Abstract
We aimed to investigate whether prior exposure to antiplatelet therapy (anti-PLT) was associated with stroke incidence after the initiation of extracorporeal membrane oxygenation (ECMO) therapy. We conducted a population-based cohort study based on health records obtained from the National Health Insurance Service database in South Korea. Adult patients (aged ≥ 18 years) who underwent ECMO therapy in the intensive care unit during 2009–2018 were enrolled. In total, 17,237 patients who underwent ECMO therapy were included; stroke occurred in 779 (4.5%) of 17,237 patients within 7 days of initiating the ECMO therapy.
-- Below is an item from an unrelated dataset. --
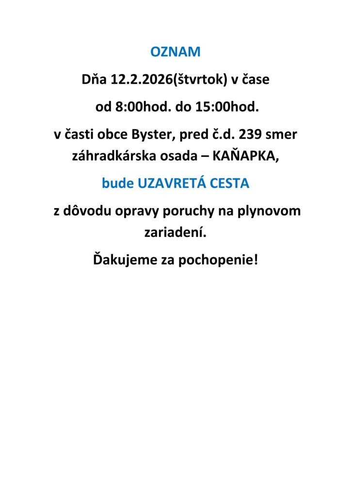 12.2.2026 uzavretá cesta Byster smer záhradkárska osada Kaňapka

The number of patients in the anti-PLT and control groups was 3909 (22.7%) and 13,328 (77.3%), respectively. In the multivariable logistic regression analysis, the anti-PLT group showed 33% lower incidence of stroke than the control group (odds ratio (OR): 0.67, 95% confidence interval (CI): 0.55–0.82; p < 0.001). The cardiovascular group showed 35% lower incidence of stroke than the control group (OR: 0.65, 95% CI: 0.52–0.78; p < 0.001), whereas the respiratory group (p = 0.821) and the other group (p = 0.705) did not show any significant association. Prior anti-PLT therapy was associated with a lower incidence of stroke within 7 days of initiating ECMO therapy, which was more evident in the cardiovascular group.
Highlights
To treat patients with refractory cardiac and/or respiratory failure, extracorporeal membrane oxygenation (ECMO) has been used as an option of rescue therapy [1,2]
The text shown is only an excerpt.